If you want to install OpenMSIStream on your own system instead of running a Docker container, though, we recommend using a minimal installation of the conda open source package and environment management system. The instructions below start with installation of conda and outline all the necessary steps to run OpenMSIStream programs.

Quick start with miniconda3

We recommend using miniconda3 for the lightest installation. miniconda3 installers can be downloaded from the website here, and installation instructions can be found here.

Finishing installation

The pages below list specific installation instructions based on the operating system you’re running:

External requirements

Working with OpenMSIStream requires sending data through topics served by a broker. In practice that means you will need access to a Kafka broker running on a server or in the cloud, and you will need to create and manage topics on the broker to hold the data streams.

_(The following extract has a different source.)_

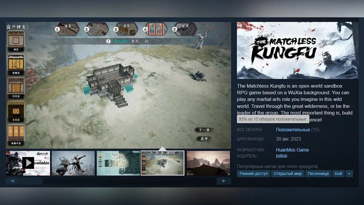 Разработчики из студии HuanMos Game выпустили в раннем доступе Steam ролевую игру с открытым миром и элементами песочницы под названием The Matchless KungFu. Как и следует из названия, проект посвящен теме восточных боевых искусств.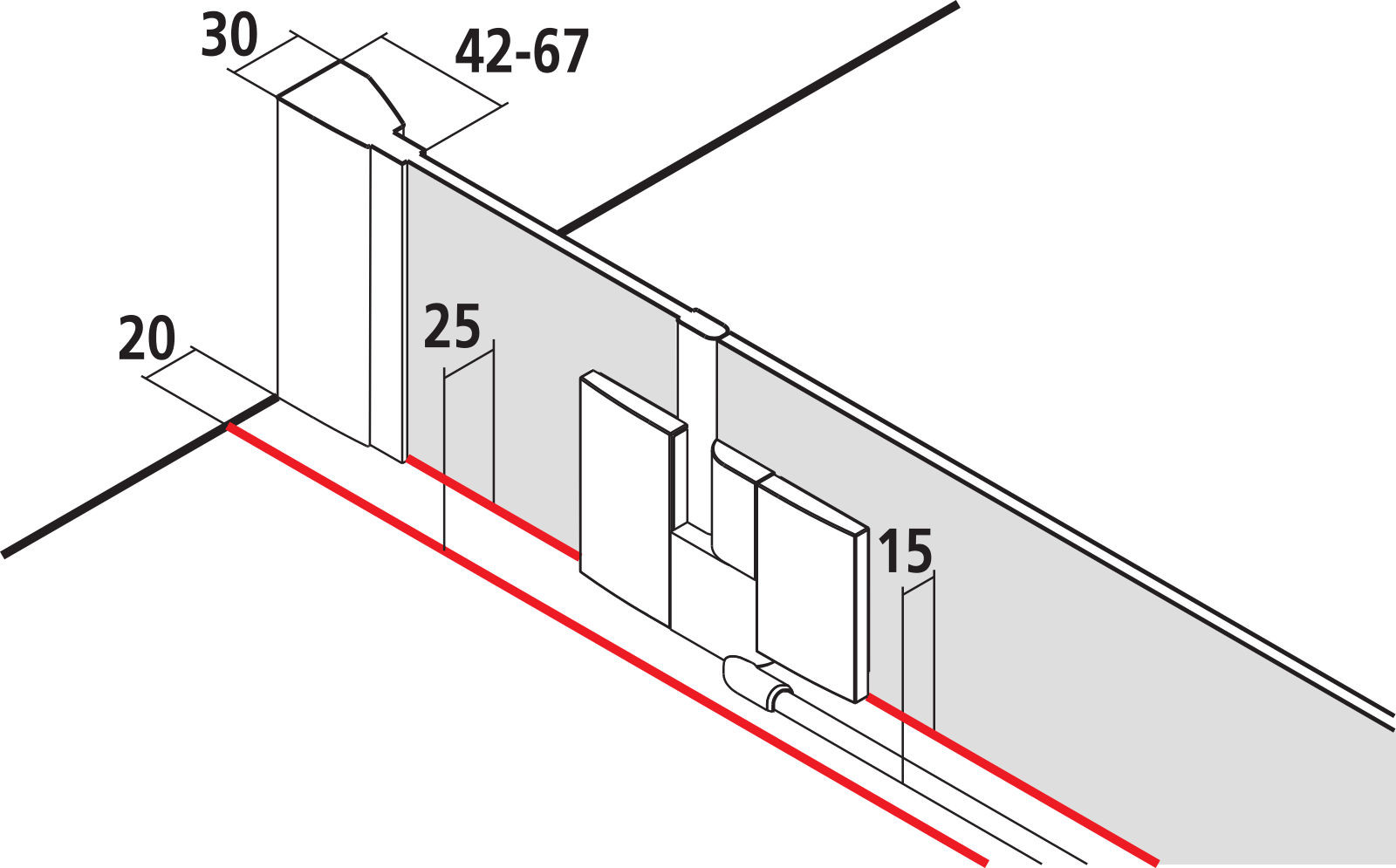 für ungleichschenklige Wannen, Wannentyp A, teilgerahmt, mit zwei Glasflügeln, nach innen und außen öffnend und zwei Festfeldern, mit Stabilisierungen (innen), Glasstärke 6 mm Einscheiben-Sicherheitsglas nach EN 12150, optional mit Pflegeleicht-Beschichtung, Profile aus eloxiertem Aluminium, Beschläge und Griffe aus Metall, Verstellmöglichkeit im Wandprofil 25 mm, Beschläge mit Hebe-Senk-Mechanismus, durchgehende Magnetleisten und Dichtprofile, waagerechte Dichtleiste mit Wasserabpralleffekt, mit 6 mm Bodenschwelle oder ohne Bodenschwelle (bodenfrei) installierbar, mit Befestigungsmaterial und transparentem Handtuchhalter-Haken, geprüft nach DIN EN 14428, die Schräge unter den Festfeldern darf max. 2 mm betragen

If these concepts are new to you we suggest contacting us for assistance and/or using a simple, managed cloud solution, such as Confluent Cloud, as your broker.

Consuming data files for transfer to S3 buckets requires that users have the API keys and other information necessary to authenticate and write files to at least one external S3 bucket. Please see the page on running the S3TransferStreamProcessor program for more information. First-time users may find it easiest to use a bucket hosted on AWS. Storing data in S3 bucket object stores is completely optional.

For more information on the full set of requirements for running the automatic code CI tests (which test all functionality of the package), please see the page on CI testing.